She thinks to herself as she walks that maybe the threat of being _spotted_ isn’t what’s scariest. It’s not being able to _protect_ herself, and not having anyone left in her life strong enough to do so that’s actually willing to stand up for her. She wasn’t strong enough to do anything but hide the night Grandpa died, so what would make her strong enough to be her own hero this time? She’s tried to fight for herself, with other kids at least, but she always loses out in the end even if she wins the fight.

Tonight’s her night, though. Whatever happens next, she will let happen, but she needs to let go for a minute. If she can have five minutes to skate, maybe find a puck to whack around, she’ll go quietly wherever they want her to. She just needs to get this constantly suffocating weight off her chest and she thinks that breathing in some icy air will do that.

The front doors are locked, of course they are, but Gosalyn knows this place. It used to be her home away from home. One of the back doors is always propped open, even at night, because the security guys use it to get out to their cars and they don’t want to get locked out. She slips inside easily, spots the guard at the camera station asleep.

He’ll be out for a bit, and she knows they only keep one night guard on staff on weeknights. She played a lot of locker room pranks with her old teammates, and they learned things like that after their first few tries failed. The stars are aligning. She’s finally got a chance to do something for herself!

She sneaks through the main hall. She hasn’t had the ability or time to be on the team this season, and she’s sure what used to be her locker is full now. There’s nothing left in that locker room for her except memories that’ll hurt.
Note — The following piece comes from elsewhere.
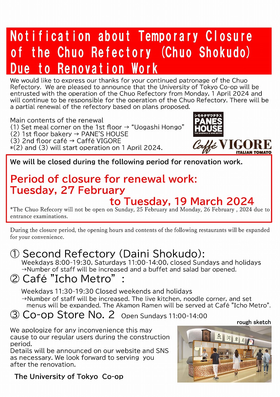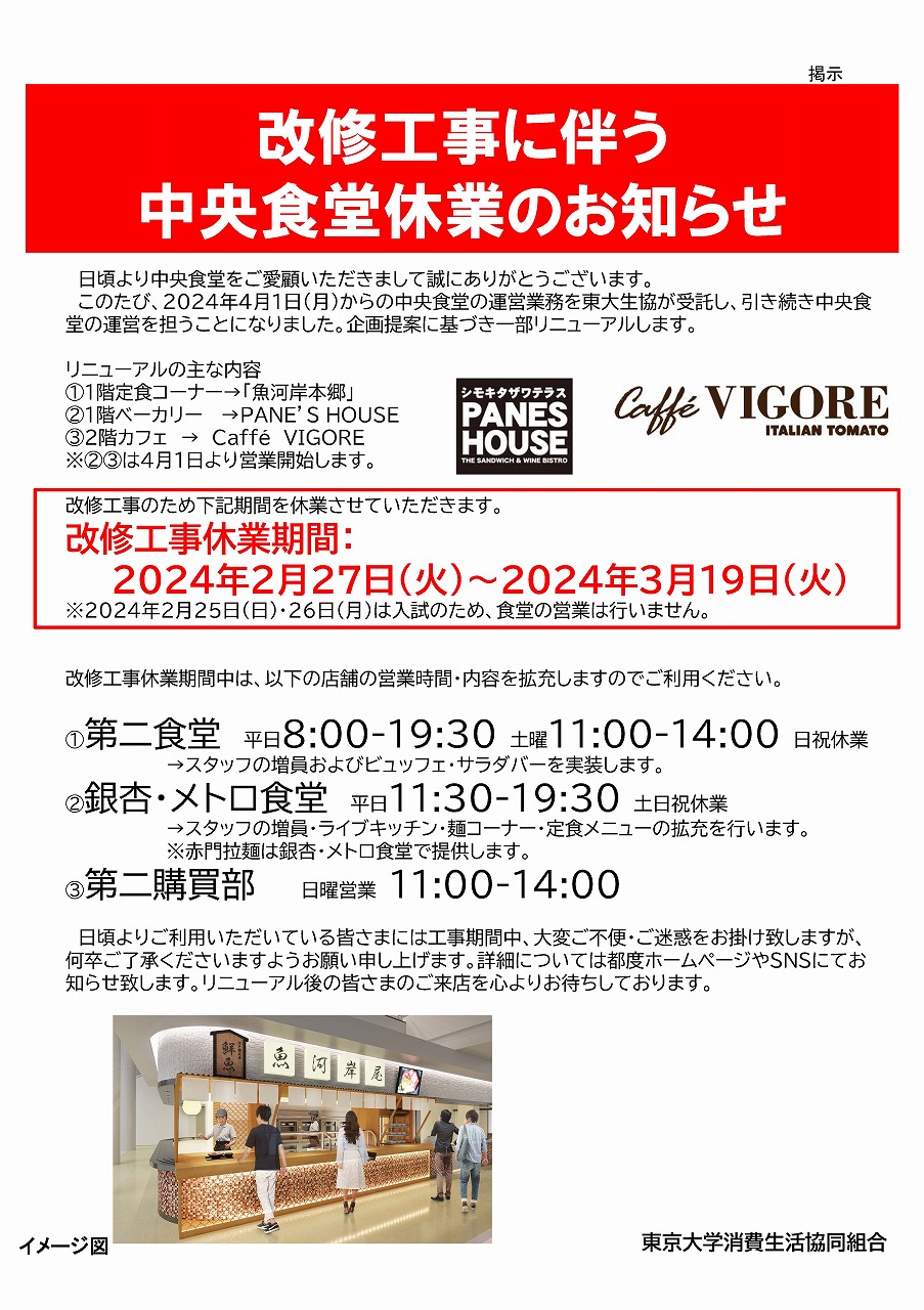 重要なお知らせ 20242/5 全体 改修工事に伴う中央食堂休業のお知らせ 日頃より中央食堂をご愛顧いただきまして誠にありがとうございます。改修工事のため下記期間を休業させていただきます。<改修工事休業期間>2024年2月27日(火)~2024年3月19日(火)※2024年2月25日(日)・26日(月)は入試のため、食堂の営業は行いません。 Tweet お知らせ 一覧へ

She pushes open the door to the ice, which is crystalline and smooth. The rush of cold air that hits her is a lot like the icy air when she crawled out from under her bed to find a body on the bedroom floor across the hall. But this is different too, for all the right reasons, and it feels like a homecoming. This is a cold beak split wide in a smile, cheering as they win a game. This is a wind across her cheeks, thrilled in the heat of the match.

This is what she was born to be doing.

She sets her backpack by the gate, swaps her sneakers for skates. There’s a few discarded pucks at the bottom of the stairs, probably forgotten after practice. She plucks one up and the familiar weight of it spreads a smile across her face. She’s got this.

The ice is polished smooth after yesterday’s skating, and the air is crisp and still. The only lights are the two golden emergency lights, leaving a lot of shadows around the rink. Unlike the shadows on her journey here, though, these are just a background. She doesn’t bother to stop and consider what they might conceal.

She opens the gate and steps onto the ice gently, her racing heart calming at last. She pushes forward with her right foot, gliding onto the rink. The gate clicks behind her, echoing before the whole big room fades to silence once more. She takes a deep breath, a cool breeze gracing her cheeks.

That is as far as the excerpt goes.